Looking at Peter Redpath’s Essay (2000) “The Homeschool Renaissance” (Part 3 of 17)

0012 Poetry, what is it worth?

Surely, it is valuable in the arts of seduction, inspiration and adornment.

But who needs these, when God is Love, Commitment and Awesomeness incarnate?

0013 The Italian humanists face a problem.  How do they place poetry and the writings of classical Rome front and center?

The academics in the room have an easy answer, “First of all, get rid of logic in the curriculum.”

0014 Ah, does that not sound like a small error?

Starting with Petrarch, Italian humanists alchemically place the actualities of Greek philosophy and Western history2 into the novel context of the liberal arts3, emerging from the potential of five disciplines1: grammar, rhetoric, poetry, history and ethics.

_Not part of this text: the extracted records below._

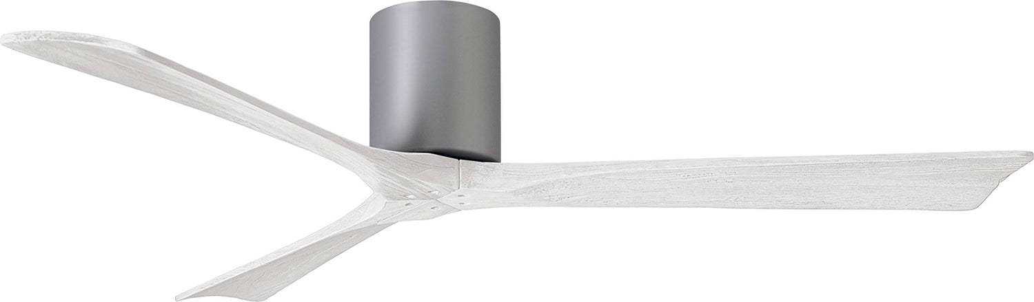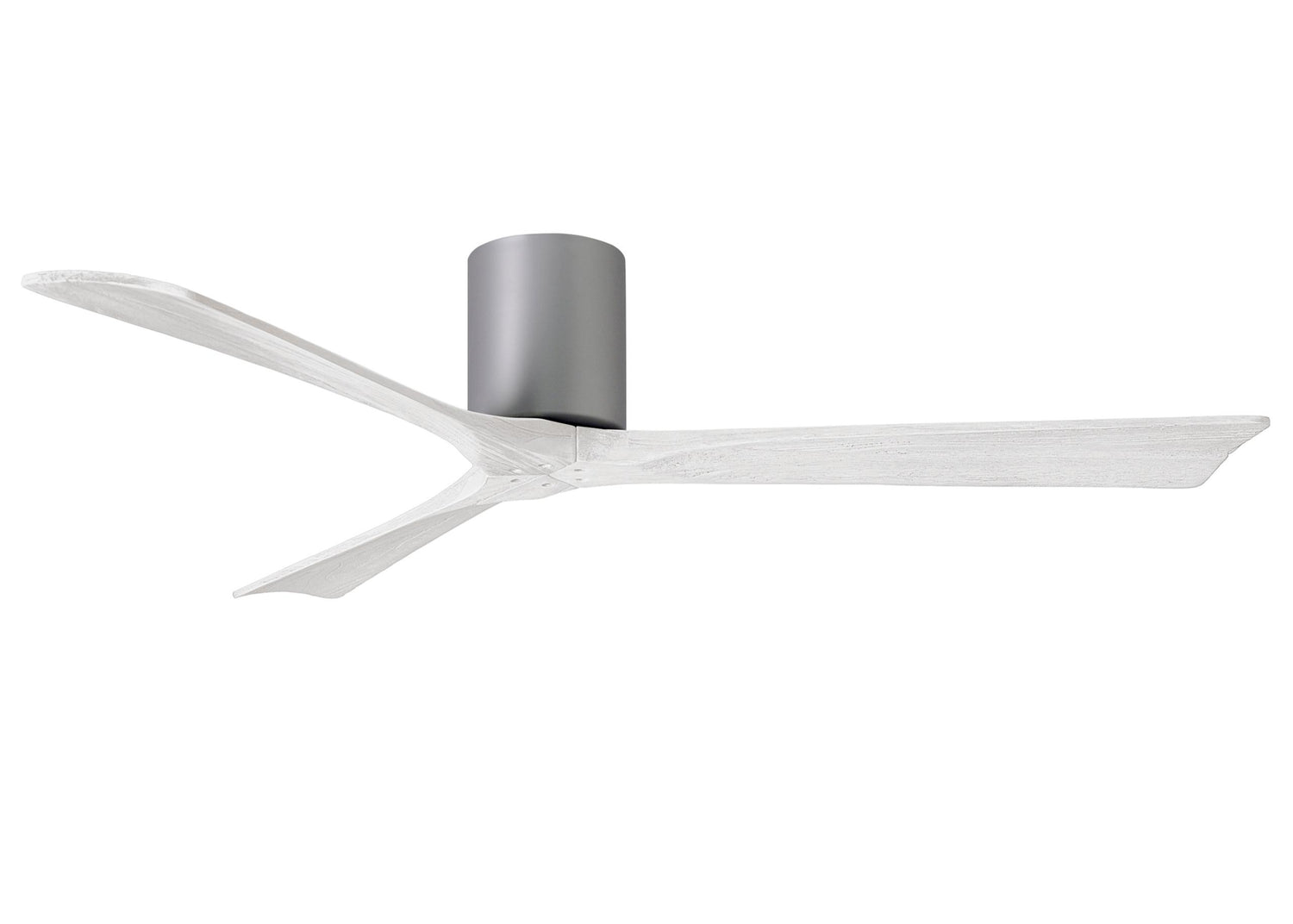 Matthews Fan IR3H-BN-MWH-60 Irene-3H three-blade flush mount paddle fan in Brushed Nickel finish with 60” solid matte white wood blades.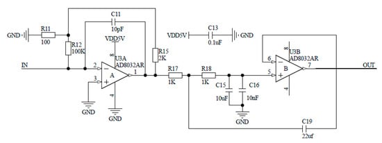 2.2.1. Design of Sensor Signal Amplification and Filtering Buffer Circuit
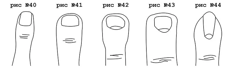 Слишком узкие (рисунок № 44) ногти, как и очень широкие, свидетельствуют о легкой возбудимости своего хозяина.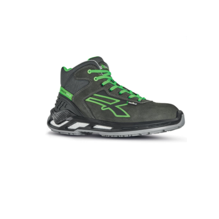 DESCRIZIONE: Scarpe antinfortunistiche alte, leggere e comode U-Power della linea Red 360, con tomaia in pelle nabuk naturale bottalato, idrorepellente e tallonetta anti-shock, puntale in alluminio, antiperforazione, antiscivolo e suola PU/PU infinergy, ESD S3S CI FO SR.
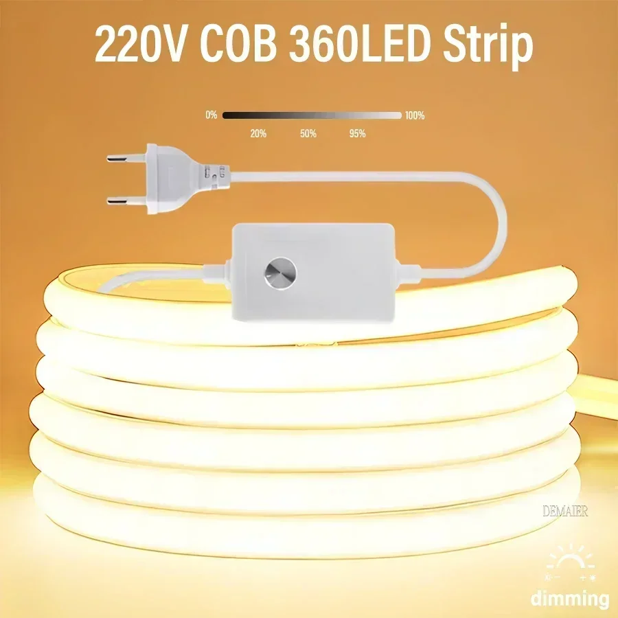 OUJELR propose Bande lumineuse LED COB 110V 220V, Super lumineuse, 360 diodes/m, étanche, avec interrupteur d'alimentation EU/US, lampe d'extérieur Flexible, 1M-100M chez 1 revendeurs. Utilisez notre comparateur pour le meilleur prix. Des 7,39 €.

The result can be portrayed as follows, according to A Primer on the Category-Based Nested Form.

Figure 01

0015 The dyadic actuality of Greek philosophy [and] Western history2 is placed in an alchemic vessel3 alien to its original, natural and organic milieu1.  Plutarch’s liberal arts3 is a normal context that excludes Aristotle’s realist philosophy3.  The pentagram of grammar, rhetoric, poetry, history and ethics1, whose points operate independently and in combination, constitutes a digestive organ potentiating transformation.